Since 2015, more than three million people from the Middle East, Africa, and Asia have traveled into the European Union in order to seek refuge and asylum (Eurostat 1-3). Their arrival has prompted many state agencies, public commentators, and even migrants themselves to speak of a “refugee crisis”—or, alternatively, a “crisis of the state”—that threatens to undermine the EU’s regime of border regulation and overwhelm its members’ capacities for humanitarian care. As challenging as the current situation is, however, its characterization as a crisis is also somewhat curious. After all, this is hardly the first time that European nation-states have responded to large numbers of refugees and other migrants: tens of millions of displaced people traversed the continent during and after World War II (e.g., Cohen, Gatrell), while post-unification Germany, in particular, has contended with more than a million refugees from the collapsing Yugoslavia and ethnic Germans “returning” from the Soviet Union and Russia (e.g., Joppke, Molnar). At the same time, more people are currently seeking protection, whether as refugees or as “internally displaced people,” in countries like Turkey, Syria, the Democratic Republic of the Congo, and Colombia than in the entire EU (United Nations High Commissioner for Refugees 2, 3, and 33-37). And finally, most EU member states, despite decades of neoliberal restructuring and the ongoing impact of the recent recession, continue to have significantly greater material and institutional resources at their disposal than other major “receiving countries” worldwide. So what does it mean to speak of a European refugee crisis since the summer of 2015? Why declare an emergency now, and why locate that emergency in Europe?

My students and I set out to examine these questions in Confronting the “Crisis:” Refugees and Populism in Europe, a course which I taught twice in the 2017-2018 academic year. We did not take the empirical existence of a refugee crisis for granted, but instead sought to unpack the very notions of “refugee” and “crisis” as historical and political concepts. In the process, the students noted that “Europe” itself requires critical inquiry, especially given the frequency with which populist opponents of asylum and migration have invoked it. In the course of our discussions, it became clear that we could not comprehend contemporary refugee politics without also understanding the social conditions that have made populism—especially the variety that expresses a marked hostility toward migrants—so compelling to so many European citizens. Refugee mobility and populist mobilization, in other words, had to be placed within a common analytical frame.

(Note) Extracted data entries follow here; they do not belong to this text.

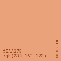 Цвет #EAA27B в цветовой модели RGB обозначается тремя октетами (234, 162, 123) в десятичном формате и #EAA27B в шестнадцатиричном (hex) формате, которые являются интенсивностью красного 234 (hex EA), интенсивность зелёного 162 (hex A2) и интенсивность синего 123 (hex 7B).
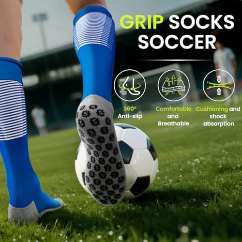 3 Pairs Grip Socks Soccer for Youth Kids,Anti Slip Medium White black blue
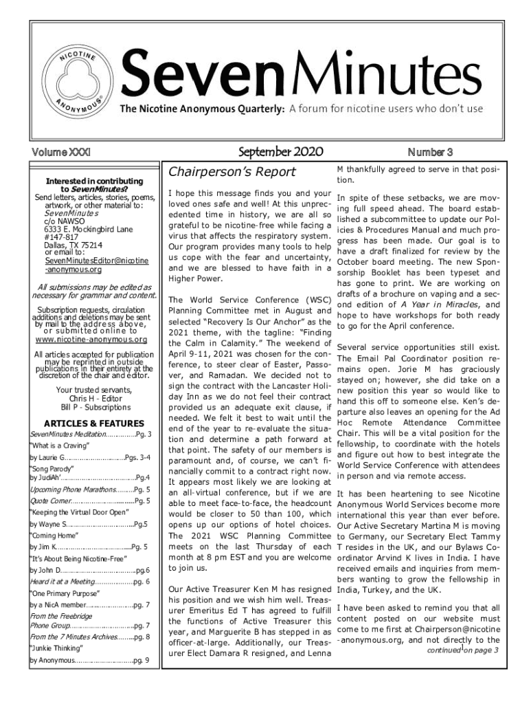 Volume XXXI Interested in contributing to SevenMinutes? Send letters, articles, stories, poems, artwork, or other material to:SevenMinutesc/o NAWSA 6333 E. Mockingbird Lane #147817 Dallas, TX 75214
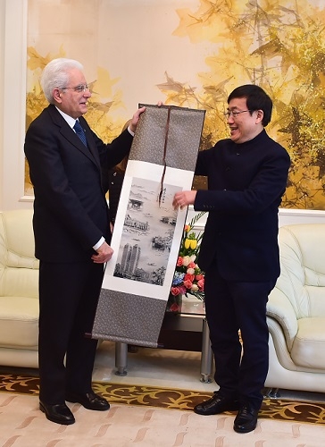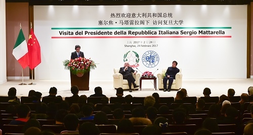 新闻中心讯 2月24日下午,正在中国进行国事访问的意大利总统马塔雷拉到访复旦大学。复旦大学校长许宁生在光华楼会见了马塔雷拉一行,双方就复旦大学与意大利教育领域友好合作进行交流。

The conversations were lively both times I taught the course: first on Bard’s main campus in Annandale-on-Hudson, New York in fall 2017, then at a campus of the Bard Prison Initiative (BPI) within Eastern NY Correctional Facility in spring 2018.[1] My students on the Annandale campus, twenty-two of them in all, were men and women between eighteen and twenty-two years of age. About two-thirds of them were members of the United States’ unmarked white majority, while the remaining one-third were of Hispanic, Middle Eastern, South Asian, or East Asian background. The seven students at Eastern, on the other hand, were men who ranged in age from their late twenties to their late thirties. Most were African-American, Asian-American, or Hispanic students, many of whom maintained ties with family in the Caribbean and East Asia. But there were also two students who defined themselves as white US natives. Of course, the students in both classes related to the course’s themes on the basis of their varied backgrounds: some could draw on firsthand experiences of migration, while for others migration was a matter of diffuse family memory and American national mythmaking. In the end, though, I was struck by the congruence of their intellectual, political, and personal engagement. Despite the divergent settings, the students were asking similar questions, making similar observations, and drawing similar connections with the American and global present.

In order to give the discussions in each class a common foundation, the students and I initially read a series of classic and recent texts that critically examine how refugees have been conceived, administered, and represented (Arendt 267-302, Gatrell 89-117, Malkki). We also read excerpts from several historically informed treatments of “crisis” and cognate notions like “exception” and “emergency” (Koselleck 358-361 and 368-377, Agamben 1-5, Schmitt 5-15). We then worked through a series of book-length case studies that trace patterns of mobility and enforcement in the Euro-African borderlands (Andersson), the politics of humanitarian care in France (Ticktin), and the governmental regulation of right-wing extremism in Germany (Shoshan). In keeping with my training as a cultural anthropologist, these studies devoted fine-grained attention to the biographical experiences of particular people and the lived effects of state interventions.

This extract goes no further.